Yang Hui, chairman of Huamin Chuangfu, also believes that the introduction of structured products is necessary for financial innovation in terms of the current domestic financial environment, but not any PE investment institution can easily try it. It is important to look at specific projects. Different from equity investment, mezzanine investment pays more attention to the solvency of enterprises, including their current and future cash flows. Enterprises should have good past performance, stable management team and leading market position.

In view of the existing mezzanine investment environment in China, Liu Biwei, an analyst at Zero2IPO Research Center, believes that the bottleneck of mezzanine fund development mainly lies in the source of investors and the choice of exit mode created by relevant policies.

Liu Biwei pointed out that from the perspective of investors of mezzanine funds, mezzanine funds take asset preservation as the primary consideration and bring investors a stable return on investment through regular income and asset appreciation. According to foreign mature experience, mezzanine investment is very attractive to institutional investors with high investment security requirements, such as insurance companies, commercial banks and fof. At present, there are not enough institutional investors in China.

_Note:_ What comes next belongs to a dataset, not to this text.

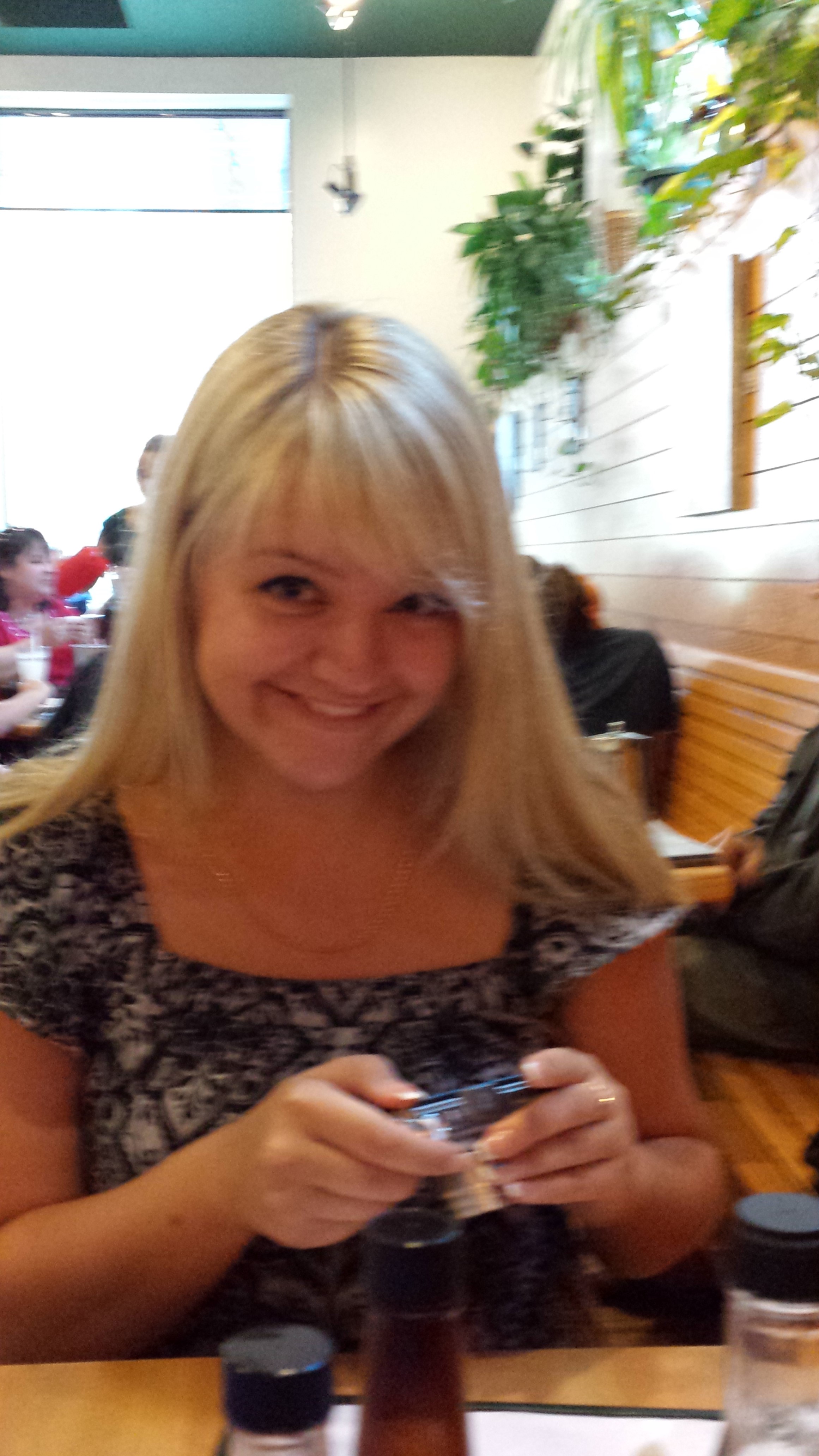 Our beloved Tanya, all grown up, enjoying one of our favorite restaurants.
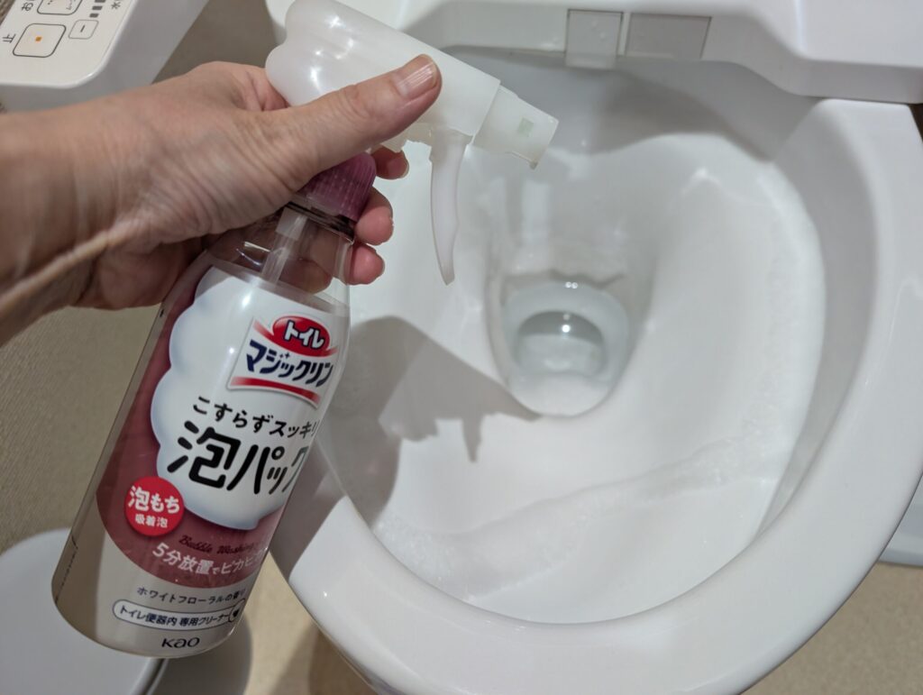 まず初めに便座をあげ、[トイレマジックリン 泡パック]を吹きかけて、

In addition, in the choice of investment tools, if the mezzanine fund is US dollars, due to the current domestic and foreign investment and foreign exchange policy restrictions, you can choose to inject funds into the overseas holding entity of the target enterprise, and the investment tools are relatively flexible, including convertible bonds and preferred shares; If mezzanine funds are RMB funds, due to legal obstacles, the choice of general investment tools is relatively narrow. Investors can only enter the target enterprise in the form of common stock, and get interest similar to creditor's rights in the form of dividends from common stock through investment terms, or choose to cooperate with trust companies to invest in inferior trust structured products, and the priority will be raised by the trust, thus achieving the effect of leveraged financing.

Correspondingly, the two types of funds also show different exit paths. If investors choose to inject capital into the domestic business entity of the target enterprise with RMB funds, the optional investment tools are single and the exit channels are relatively narrow; However, investing in overseas entities of the target enterprise with US dollar funds has various tools and smooth paths.